Gareth Branwyn in Slumberland

The Plutopia News Network podcast welcomes writer, editor, and media critic Gareth Branwyn to discuss his workshop “Dreaming for Creatives,” which focuses less on dream symbolism or interpretation and more on mining the “dream-time mind” for usable creative material. Gareth and the Plutopians reminisce about early-1990s zine and cyberculture scenes (The WELL, FactSheet 5, bOING bOING, Mondo 2000, “Jargon Watch,” and “Street Tech”), then shift into Branwyn’s lifelong dream practice, including lucid dreaming as a teen and techniques to improve dream recall, especially using a “dream recall tally sheet” and the habit of staying still upon waking to retrieve dream fragments.
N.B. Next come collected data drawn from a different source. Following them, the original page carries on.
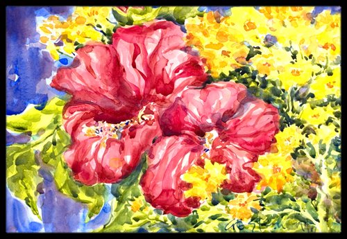Indoor/ outdoor floor mat 24 inch by 36 inch action back felt floor mat/ carpet/ rug that is made and printed in the USA. A black binding tape is sewn around the mat for durability and to nicely frame the artwork. The mat has been permanently dyed for moderate traffic and can be placed inside or out (only under a covered space). durable and fade resistant. The back of the mat is rubber backed to keep the mat from slipping on a smooth floor. Wash with high pressure from your garden hose or with a power was her. Use cleaner that does not produce suds.Feature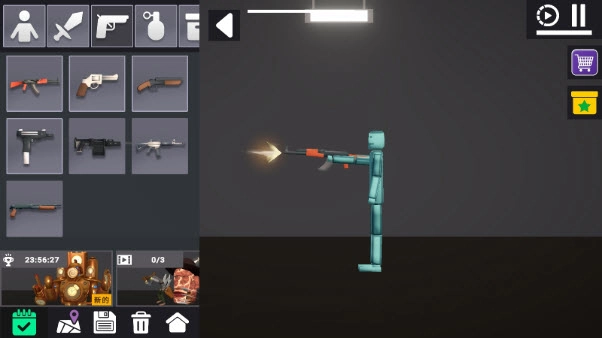 你可以把各类道具拖给角色,像枪械这类,只要拖动它就能让角色开枪。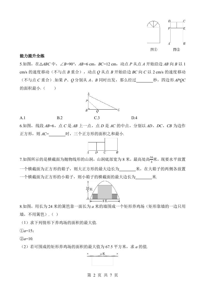 1.4.1 利用二次函数解决面积最值问题 同步练习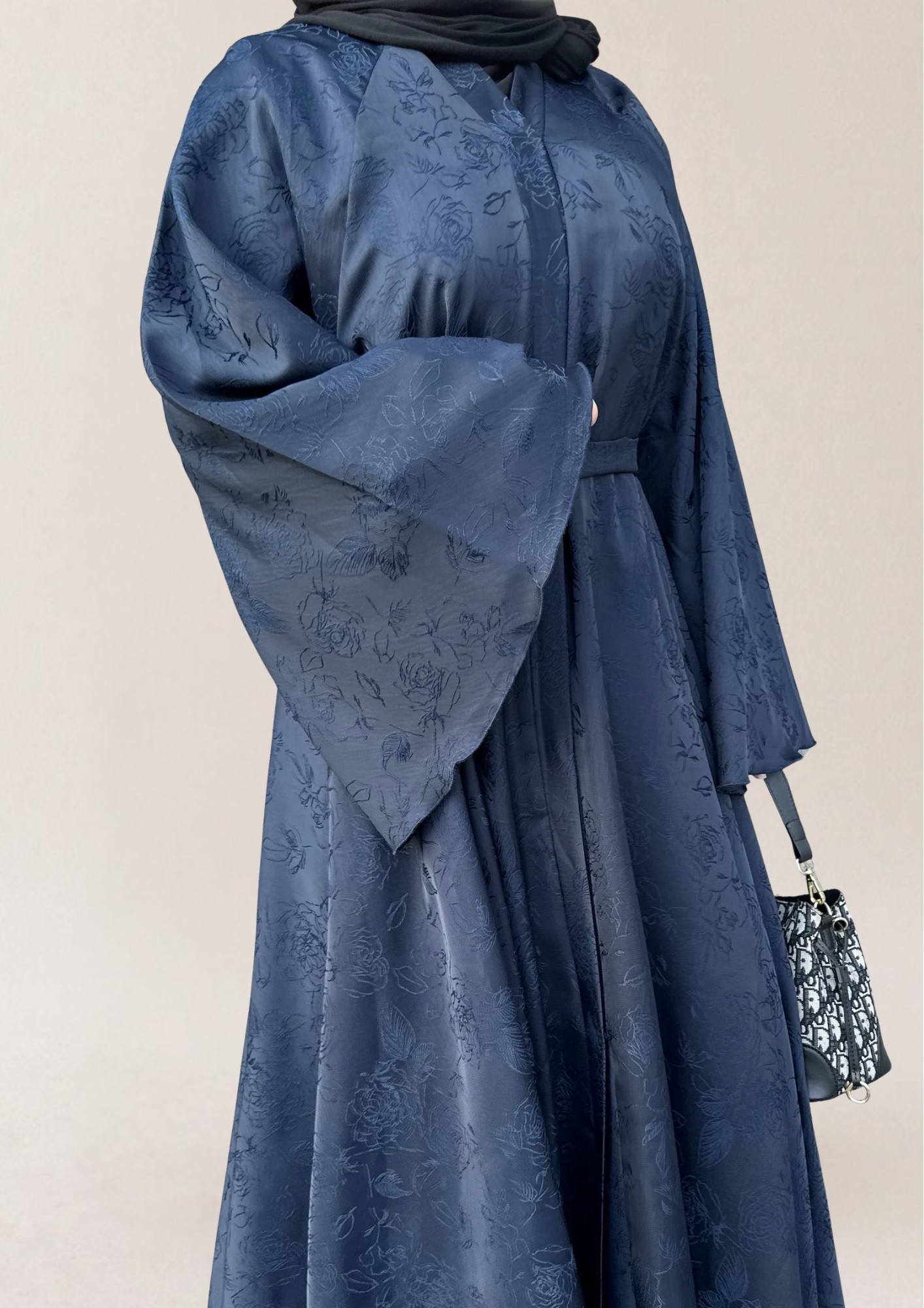 • اللون والتفاصيل: قماش جاكار أزرق داكن مع أنماط زهرية متناسقة اللون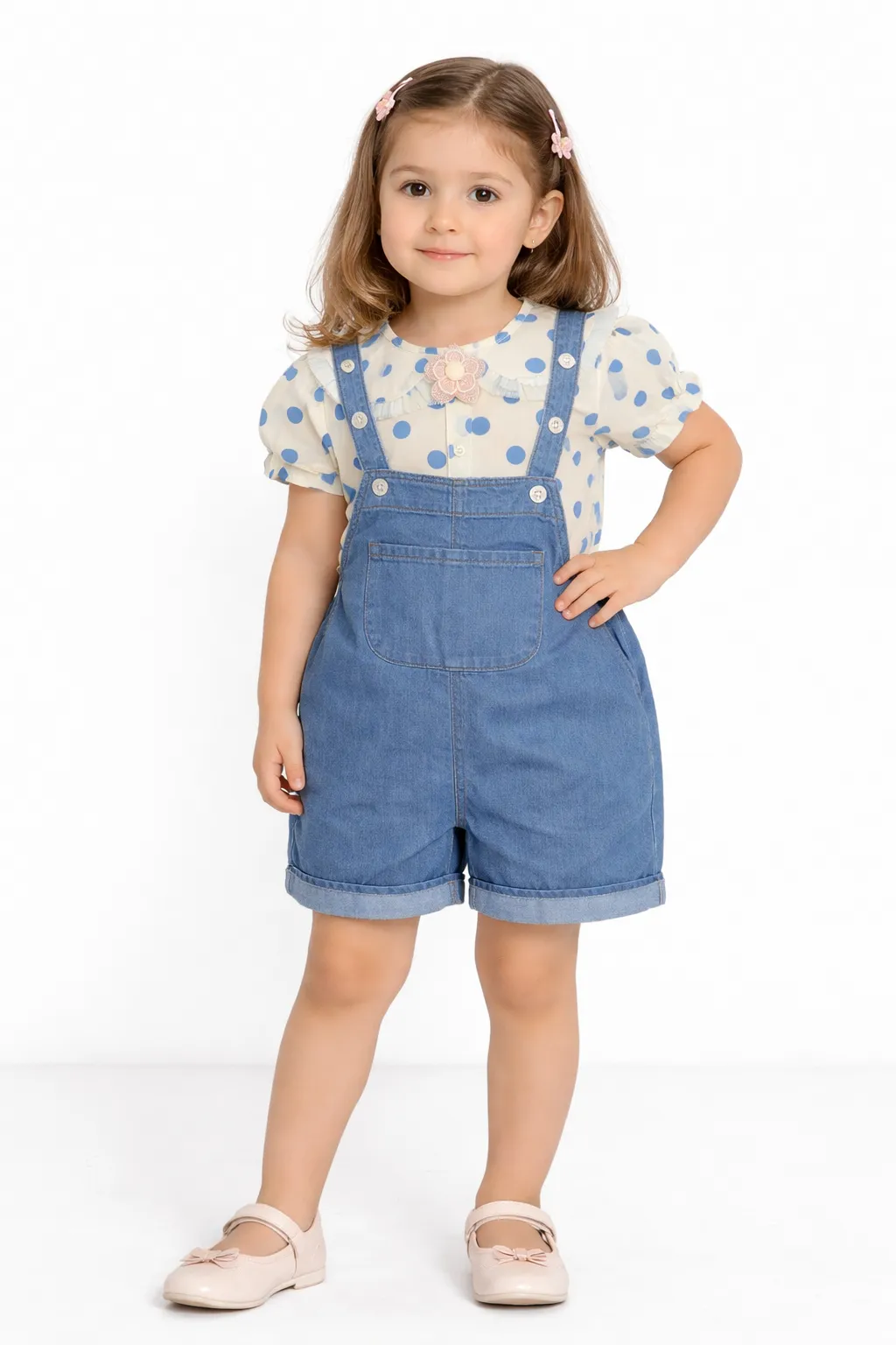 Girls' 2-Piece Summer Set – Blue Polka Dot Blouse & Bunny Ear Denim Overall Shorts

He describes three liminal sources of creativity: “night thoughts” (hypnagogic scribbles), “night bulbs” (clear middle-of-the-night insights), and dreams themselves. He gives examples of how these have shaped his work and even his name. The conversation also touches on “second sleep,” sleep tracking, recurring flying dreams, sleep paralysis and its eerie “presence” hallucinations, and the idea that paying attention to dreaming, like meditation, can deepen one’s relationship with consciousness — while still warning against turning dream work into an unhealthy obsession.

Gareth Branwyn:

I’ve only done the workshop once so far, and one thing I wanted to make, clear because when I started talking it up before I did it — people immediately think you’re going to talk about dream interpretation, dream symbolism, which I have basically no interest in, besides the obvious things of that was clearly an anxiety dream, like I lost my wallet, or I lost my phone (I have those a lot) or I got lost at a conference. But I’m not interested in that at all, and so I really needed to make it clear that’s not what this is about. This is really mining your dream time mind for creative material. That’s really what my interest is.